When these two Fragments are combined, an entire worldview emerges, one in which human judgment is all that matters; we are the measure of all truth and decide not what is right or wrong, for that is impossible, but instead what brings good and bad outcomes for ourselves and society. But how can we decide what is a good or bad outcome if such judgments are all subjective? Protagoras has a one word answer for this question: pleasure. In the third Testamonia he claims that “the wise man is one who can alter people’s way of judging so that what appears and is to them bad now will appear and will be to them good. It is like the case of some food which appears and is bitter to a sick man but appears and is quite the opposite to a man of health. … Still, we agree that the one state is preferable to the other, and so we think that the sick man had better be changed into a healthy state. … But whereas the physician brings about the change by means of drugs, the sophist does so by means of words.” Thus it is the pleasurable outcome of food tasting good that guides our judgments when we are sick. The same standard can then be also applied by the state to capital punishment – is the overall pleasure in society enhanced by capital punishment? If the answer is yes, then it should be enacted; if the answer is no, it should be outlawed.
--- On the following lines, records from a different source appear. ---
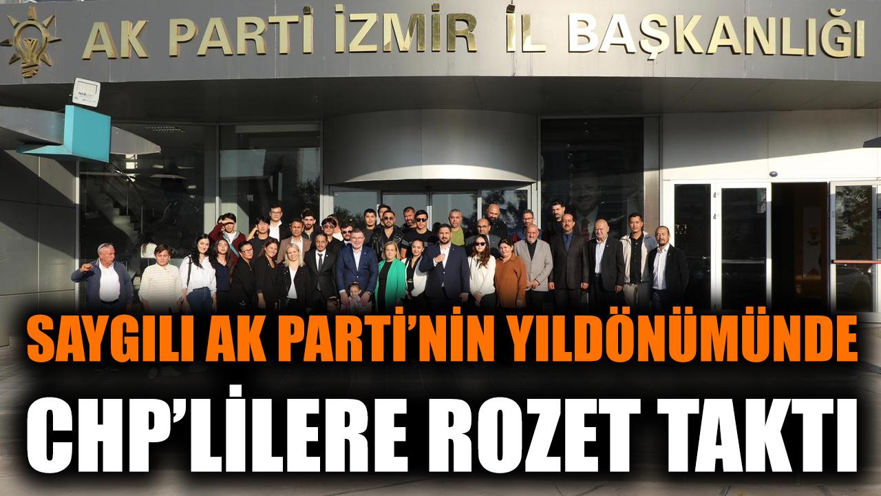 AK Parti İzmir İl Başkanı Bilal Saygılı, AK Parti'nin iktidara gelişinin yıldönümünde, aralarında CHP'den istifa edenlerin de olduğu, AK Parti'ye geçen Türkmen vatandaşlara rozeti taktı.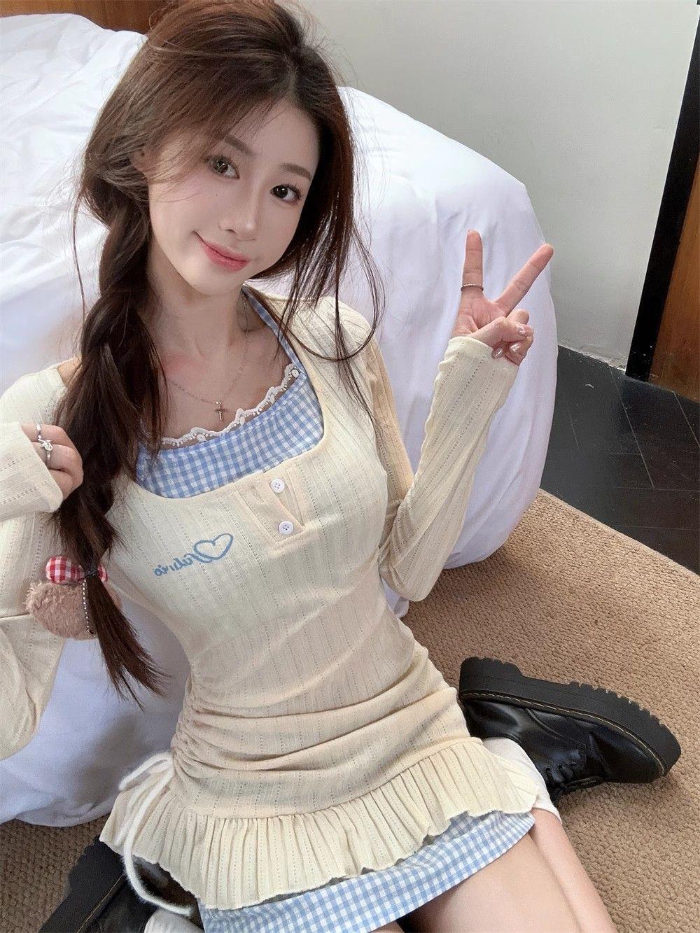 纯欲风挂脖连衣裙女秋季假两件裙子甜辣妹收腰不规则拼接叠穿短裙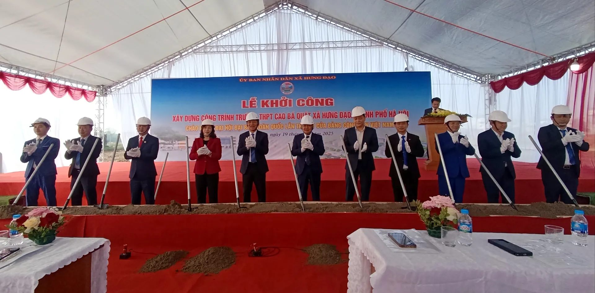 Kinhtedothi - Sáng 19/12, UBND xã Hưng Đạo tổ chức Lễ khởi công xây dựng công trình Trường THPT Cao Bá Quát. Đây là công trình chào mừng Đại hội đại biểu toàn quốc lần thứ XIV của Đảng.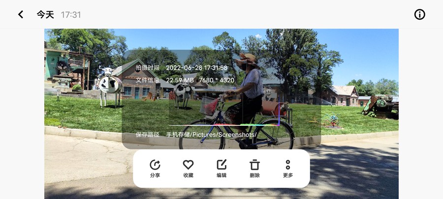 8K照片是目前手机厂商对于8K视频最常用的应用场景,通过手机拍摄的8K视频截取一帧高分辨率的影像作为照片,比较适合拍摄瞬间快速移动的被摄对象,相当于在一组高速连拍的画面选选择最合适的一张图片来保存,并且具备3300万像素,这可比4K视频的820万像素来说尺寸要大多了,直接进行打印输出都没问题。

The philosophy of relativism was seductive in the ancient world and is equally so today. Proponents of relativism can argue their position by pointing to three main benefits of the system. The first is moral flexibility. If there are objective moral truths about the world and we know what those truths are, then moral progress is impossible. With relativism, however, we can decide that the bad outcomes of some social customs such as slavery or oppression of women, viewed as moral truths, no longer bring as much pleasure as new moral truths would and so we change our morality so as to view slavery or the oppression of women as wrong.4 Humans also do seem very often to use pleasure as a guide in making moral decisions in their life; indeed, the moral theories of hedonism (the pursuit of pleasure in life) and utilitarianism (the greatest good for the greatest amount) utilize pleasure as the guiding principle in determining right from wrong. Finally, relativism can also be a guiding philosophy for agnostics or atheists who lack a holy scripture to supply guidance in moral matters. One need not adhere to any religious system while maintaining relativism.
However, there are also some serious limitations to the philosophy of relativism. First is the problem of pleasure as a guide to good outcomes. As detractors of utilitarianism and hedonism point out, pleasure is very difficult to define, measure, and compare. The definition of pleasure is completely subjective; how a masochist defines pleasure differs from how an altruist defines pleasure. Pleasure is also notoriously difficult to measure and is an unreliable guide to what is good in one’s life. Even if one adopts the “enlightened hedonism” of a utilitarian, that of balancing momentary pleasure with long term pleasures,5 humans are notoriously susceptible to prioritizing short term pleasures, regardless of the advantages of long term pleasures. In comparing pleasures, John Stuart Mill, in Utilitarianism, lays down the principle that intellectual pleasures are superior to what he terms as “pig pleasures”, those of food, drink, and sex. Although this principle may be true for Mill, the average human tends to be highly motivated by “pig pleasures”.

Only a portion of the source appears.